**DATA SUPPLIED:**
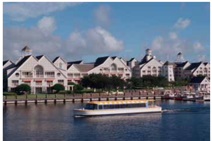
Disney's Yacht & Beach Club Resort
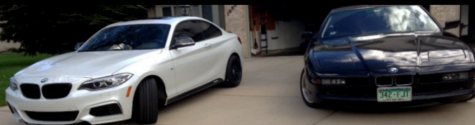
2014 BMW M235
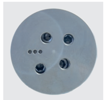
Steel protective cap for wear prevention
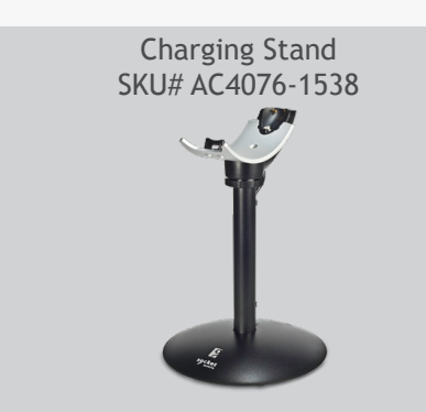
Great for using AutoScan Mode
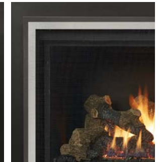
Profile Face Stainless Steel
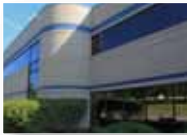
DORSEY BUSINESS CENTER I & III Elkridge, MD
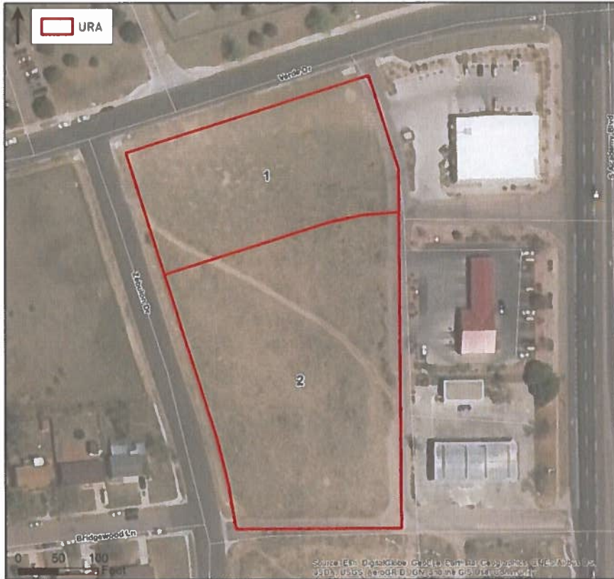
Figure 1. Almagre Urban Renewal Plan Area
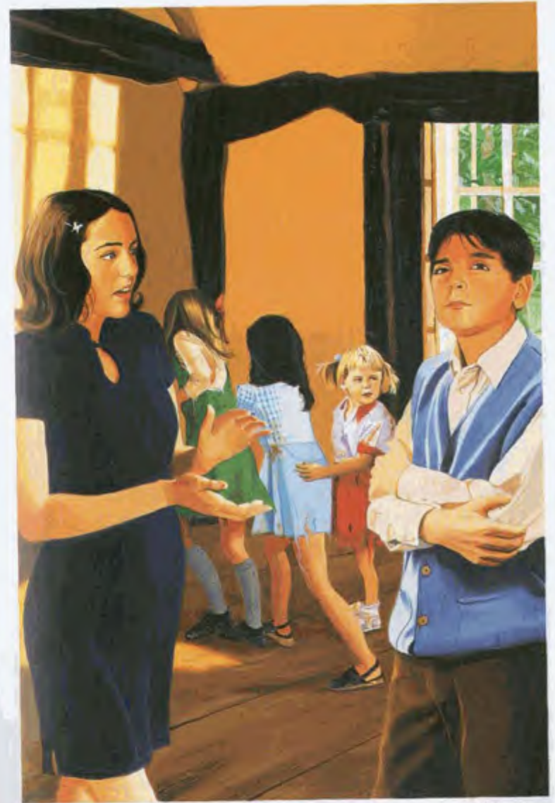
They put their hands round the waist of the child in front until the 'train' is halfway down the room.

'What do you know?' he asks her. 'Did someone tell you something in the village today?'
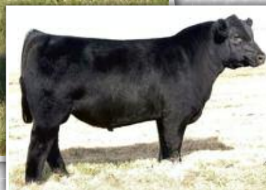
DCC 002 Outlook 472 Sire of Lot 21
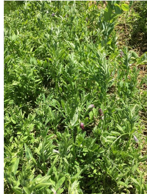
Purple vetch, Lockeford PMC.
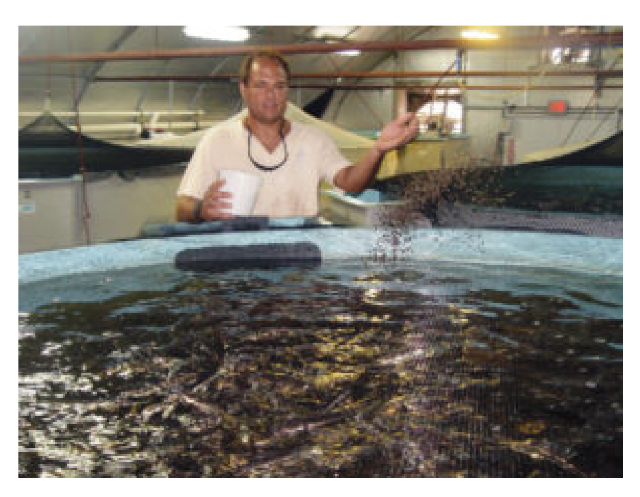
Hand feeding allows farmers to closely observe feeding activity and changes in behavior.

consideration in feeding management is proper storage of feed. Feed should be stored in a cool, dry place, as damp feed degrades and molds quickly. Moldy feed is toxic to fish and should be discarded immediately. Store feeds where conditions do not exceed 22 degrees-C temperature or 75 percent humidity.
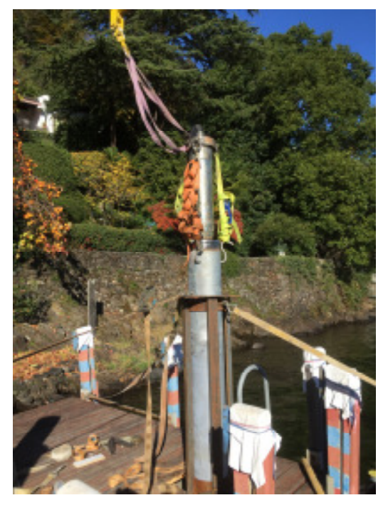
Pic. 5: The TR 200mini during ramming operation.
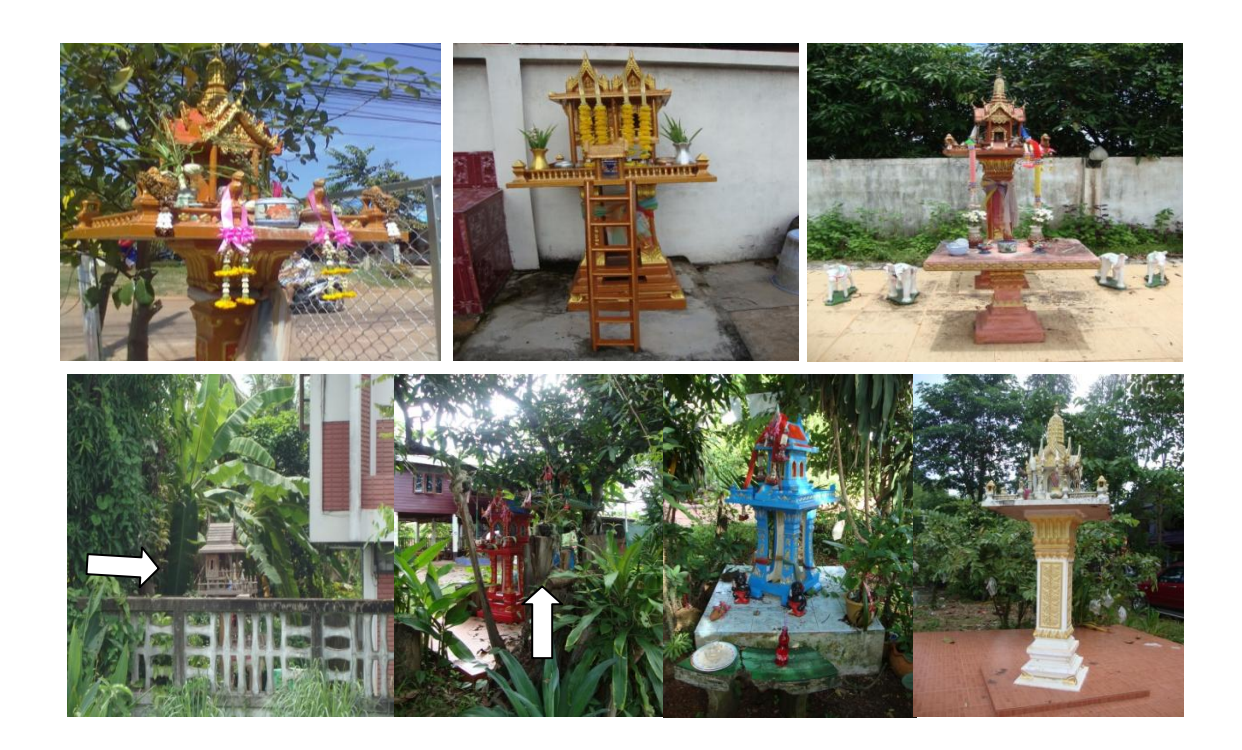
Figures 3.3- 1-7 The Guardian spirits or spitie houses in house compound of the Wat Luang villagers

In generally, Phra Phum is the ruler of the place, the presiding spirit of the area. Phra Phum derives from the word Bhumi , which stands for earth in Pali and Sanskrit languages. Chao Thi means the owner of the land in Thai. Phra Phum is only one of the vast pantheon of spirit that rule the Thai universe. He belongs to the psychic realm the Thai designate as Decha, realm of chaos far from the safety of home, temple where potentially destructive power roam at will causing illness, loss, death, or harm.
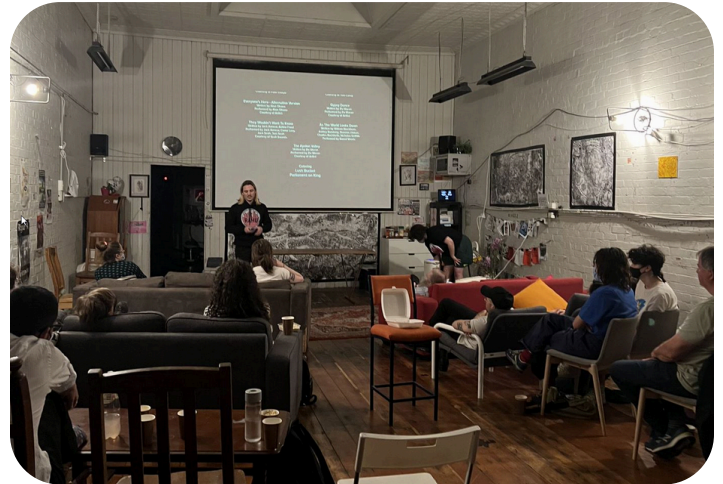
RAHU Screening of Evicted: A Modern Romance (November 2023)

We also joined forces with the energy co-operative CoPower to support community owned affordable electricity and climate change initiatives.
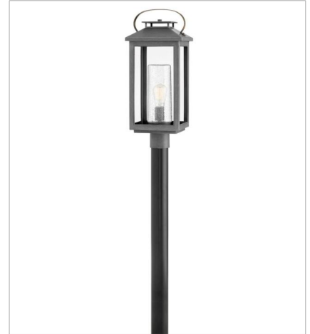
1161AH-LL LARGE POST MOUNT LANTERN 9.5" W, 23" H Socketed 1-2w Med. LED *Included
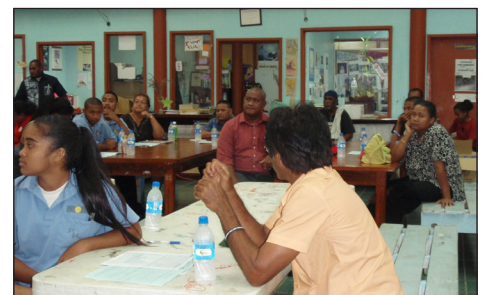
Parents and students at financial aid meeting.
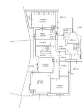
PIANO PRIMO SOTTOTERRADA
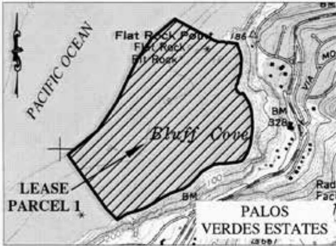
PACIFIC OCEAN AT BLUFF COVE
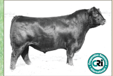
TC VANCE 011 Produced from a maternal sister to Lots 5 through 5D.
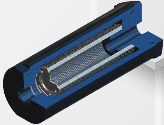
Flow -vs- Pressure Drop (FRH-308273)
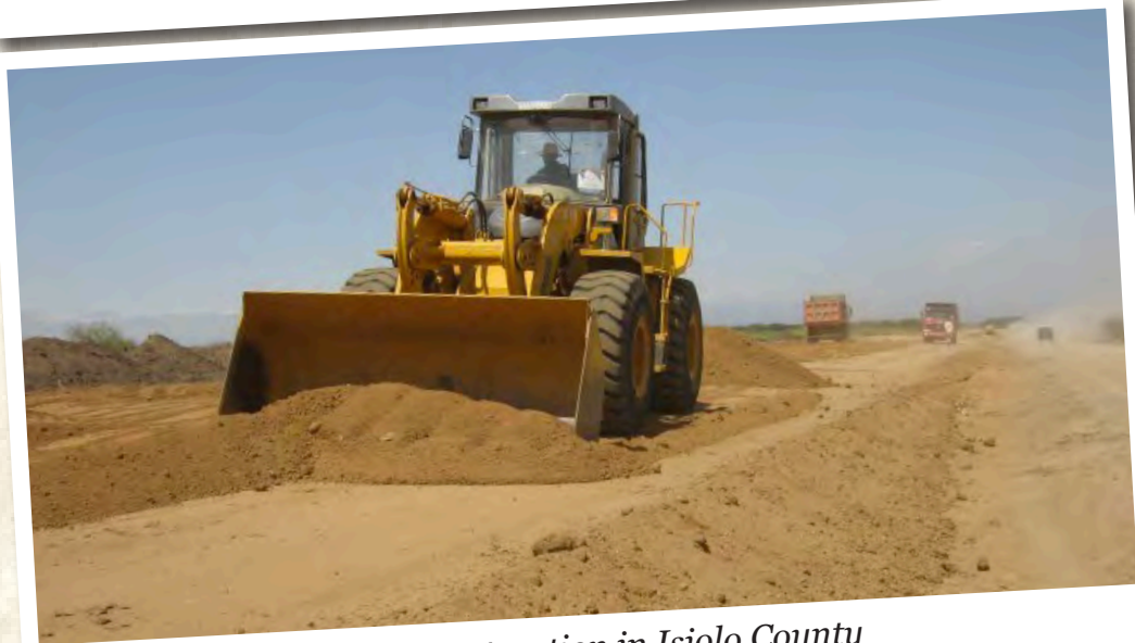
Road construction in Isiolo County

**EXERCISE DETAILS:**
Nothing but the lines from the one holding "PIANO PRIMO SOTTOTERRADA" through the final line of the records above belongs in the answer, each retyped exactly; omit the pictures.

**REPLY TO THE TASK:**
PIANO PRIMO SOTTOTERRADA
PACIFIC OCEAN AT BLUFF COVE
TC VANCE 011 Produced from a maternal sister to Lots 5 through 5D.
Flow -vs- Pressure Drop (FRH-308273)
Road construction in Isiolo County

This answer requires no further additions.